UPDATED 01:47 EDT / SEPTEMBER 26 2016

NEWS

Ripple signs deal with banks to enable blockchain-based global money transfers

The Society for Worldwide Interbank Financial Telecommunication (SWIFT) may finally have some competition with a number of major global banks signing on with Ripple Labs Inc. to found a new group that will support a new global transfer system based on Ripple’s blockchain platform.

Founding members of the Global Payments Steering Group (GPSG) are Bank of America Merrill Lynch, Santander, UniCredit, Standard Chartered, Westpac Banking Corporation and Royal Bank of Canada.

The group intends to oversee the creation and maintenance of Ripple’s global payment transaction rules, formalized standards for activity using Ripple and other actions to support the implementation of Ripple’s blockchain based payment capabilities.

GPSG overall aim is to drastically reduce the time and cost of financial settlements while enabling new types of high-volume, low-value global transactions by building a modern payments network built on the blockchain, the first such inter-bank global transfer system to do so.

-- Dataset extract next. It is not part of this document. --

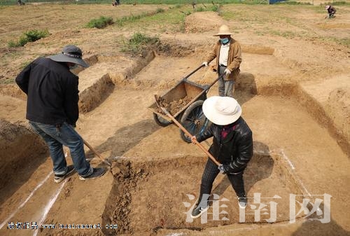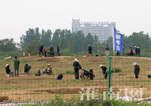 安徽省文物考古研究所考古三室主任張輝擔任此次發掘領隊,現場,他向淮河早報、淮南網記者介紹了分區分期發掘計劃。計劃發掘總面積約1520平方米;分為三個區域,其中Ⅰ區古墓葬7處、發掘面積200平方米,工作周期約35天;Ⅱ區古墓葬10余處、探溝2條、發掘面積370平方米,工作周期約60天;Ⅲ區古墓葬20余處、探溝1條、灰坑1處、發掘面積950平方米,工作周期約90天;全部發掘周期約200天。從4月進場開始,整個發掘工作大約持續到10月結束。發掘方法采取在全面揭露小型墓葬的基礎上,重點對中型墓葬封土堆積保存相對較好的區域布設十字形探方進行發掘,詳細了解封土堆積情況及墓葬形制,利用探溝了解壕溝與古墓葬的關系。

“Today, people expect money to move at the speed of the Internet. That’s why we’re working with these top banks to address the need for faster cross-border payments,” Ripple Chief Executive Officer and cofounder Chris Larsen said in a statement. “The work of GPSG, a new global interbank network, will give financial institutions and their customers the ability to make new types of payments at mass scale.”

Speed

If you’ve ever needed to transfer money offshore before, you’ll know how slow it can be, and much of that is due to the legacy network provided by SWIFT.

The Internet is hardly new and we have now for a decent amount of time been able to send emails to each other instantaneously, so why shouldn’t the transfer of fiat money, which in most cases primarily only exists in a digital form anyway, be any different?

While it’s early days for Ripple’s new GPSG group and ultimately to be totally successful they’ll need to sign on more partners, the concept of using the blockchain to enable instant or near-instant global transfers between banks is without question a solid one.

Ripple is already working with 15 of the top 50 global banks on internal blockchain transfer systems, making an inter-bank transfer platform their next logical step.